PORTLAND – Superintendent Jim Morse announced an ambitious plan Friday to give all 4-year-olds in the city the option of preschool by 2015. Providing that option, he said, would help close a gap that exists between pupils when they enter kindergarten.

School officials also made a financial argument Friday for preschool, saying it would reduce the district’s large “remediation costs” as it tries to get lagging students up to speed, socially and academically.

“About 52 percent of Maine lives in poverty,” Morse said. “That means a lot of youngsters start out at a disadvantage.”

The announcement came at a joint news conference at Riverton Elementary School with Mission: Readiness, a nonprofit military organization composed of 250 retired generals.

In addition to supporting Morse’s plan, visiting military brass urged state and federal lawmakers to provide funding for mandatory preschool across the country. Retired Vice Adm. J.D. Williams called it “vital to our nation’s national security.”
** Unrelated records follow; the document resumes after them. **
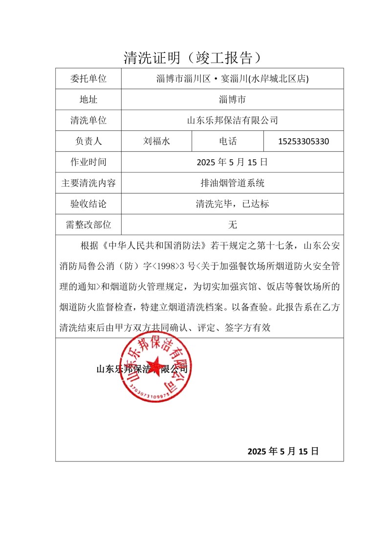 淄博市淄川區(qū)·淄川宴壹號會館清洗報告25.5.15
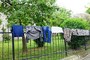 На ограде сохнут чьи-то пожитки.
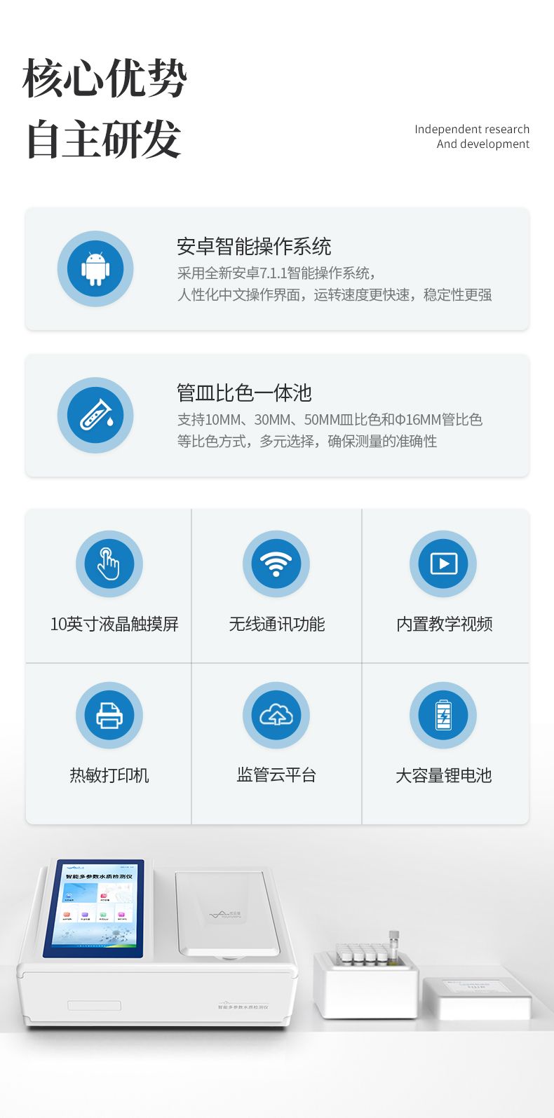 5、支持10mm、30mm、50mm皿比色和φ16mm管比色等比色方式,多元選擇,確保測量的準確性;
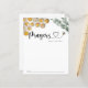 Baby shower activity card features watercolor honeycomb, eucalyptus greenery and buzzing bee. Prayers card prompts guests to share prayers for the parents to be as they prepare for baby.
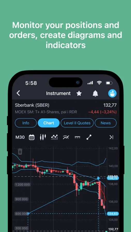 - Monitoring of trade dynamics with charts, including technical analysis indicators,
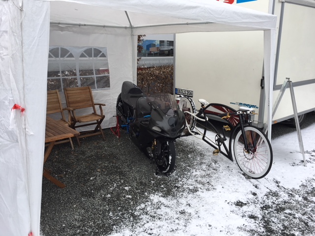Kurzerhand das Bike die Strecke zur Messe geschoben!
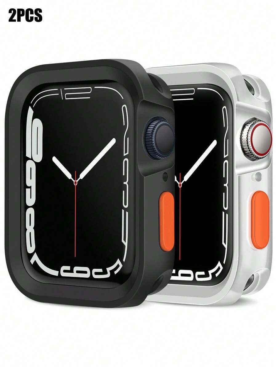 2pcs/Set Women Men Fashionable Casual Cute Soft TPU Hollow Out Protector Cover Comfortable Matte Anti-Fall Watch Case, Compatible With Apple Watch Case 40/41/42/44/45/46/49mm, For Apple Watch Series Ultra/SE/11/10/9/8/7/6/5/4, Clear+Black
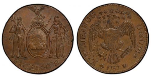 1787 Excelsior, Standing Indian/New York arms, one of only about 12 known.
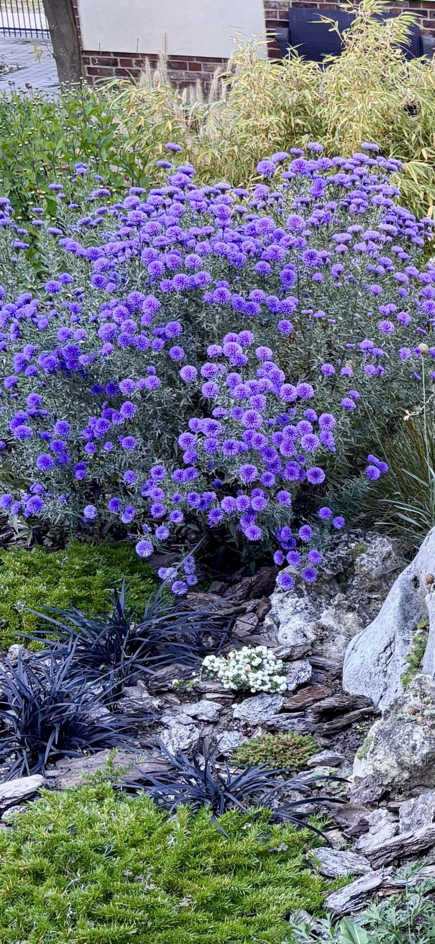 Keď som astru sadila minulý rok, bola pekne rozkvitnutá. Na jar a v lete veľmi rýchlo rástla a v záplave letničiek sa mi na tom mieste nepáčila, dvakrát som ju zrezala. A pozrite, aká krása. Chcela som ju vytrhnúť, ospravedlňujem sa jej.

About 75 percent of young adults in America are unfit for military service, mostly because of academic weaknesses, obesity and arrest records, according to the U.S. Department of Defense.

Although a high school diploma is nearly essential to get into the military, statistics show that about 21 percent of Maine’s high school students do not graduate, Williams said. Another 19 percent can’t enlist because of low scores in math, reading and problem solving on the military’s entrance exam.

While that’s not nearly as bad as some other states — 49 percent of Nevada’s students don’t graduate from high school and 38 percent of Mississippians who do graduate can’t pass the entrance test — Maine’s numbers are higher than those of many Midwestern, West Coast and New England states.

Studies have shown major gains in students’ academic and social success if they attend preschool, the retired military officials said, so mandatory preschool would help broaden the military’s candidate pool and make it a more innovative, efficient and more powerful organization.

“We tend to think about our military today in terms of its hardware: tanks, jets, and smart weapons,” wrote retired Army Maj. Gen. John Libby, who was helping with flooding in Vermont but had prepared marks read on his behalf. “But I can tell you from personal experience that the most important resource for our armed forces is the young men and women who … guarantee our security each and every day.”

The news conference appeared to target the state Legislature, which has increased funding for preschool programs but, according to Mission: Readiness officials, not enough.

A comprehensive education reform bill sponsored by Sen. Brian Langley, R-Ellsworth, would force Maine’s education commissioner to increase preschool funding 10 percent each year until the state has universal preschool, said Kim Gore, the state’s director for Mission: Readiness.

Although the Legislature’s Education Committee heard the bill in May, Gore said, the Legislature tabled it until next year’s session.

Portland has more than doubled its preschool offerings, from about 30 students two years ago to upward of 70 this year, Morse said. He would like to double it again in each of the next two years.

This year, the district allocated about $100,000 of its $89 million budget to preschool programs. It also partnered with Head Start, a federally funded preschool program, and Catherine Morrill Day Nursery on Danforth Street to provide teachers, aides, funding and accreditation to the district’s preschool initiatives.

Although there are about 500 4-year-olds in the city every year, the city needs to provide only 350 to 400 slots. Some parents prefer to keep their children at home until kindergarten, or send their children to private preschools, Morse said.

Without federal help or partnerships, it would cost $9,000 to $10,000 per year per student to provide preschool. Although expanding the program will force the district to spend more, administrators hope to find more private partners like Catherine Morrill Day Nursery to help with costs and logistics, said David Galin, chief academic officer for Portland schools.

The district is negotiating with two other private providers on a partnership for the 2012-13 school year, said Galin, who declined to name them because nothing is official.

Preschool not only helps children with basic number skills and literacy, officials said, it helps them cope socially in a classroom. And simple acts like reading two or three short books to children on a daily basis before they turn 5 can help them acquire skills that will prove invaluable.

“Studies show they need to hear it — it literally impacts how the brain forms,” Galin said. “Not all 4-year-olds get that from their parents, and if you are behind, you almost never fully catch up. … The longer we have to work with students in the schools, the more successful those students are.”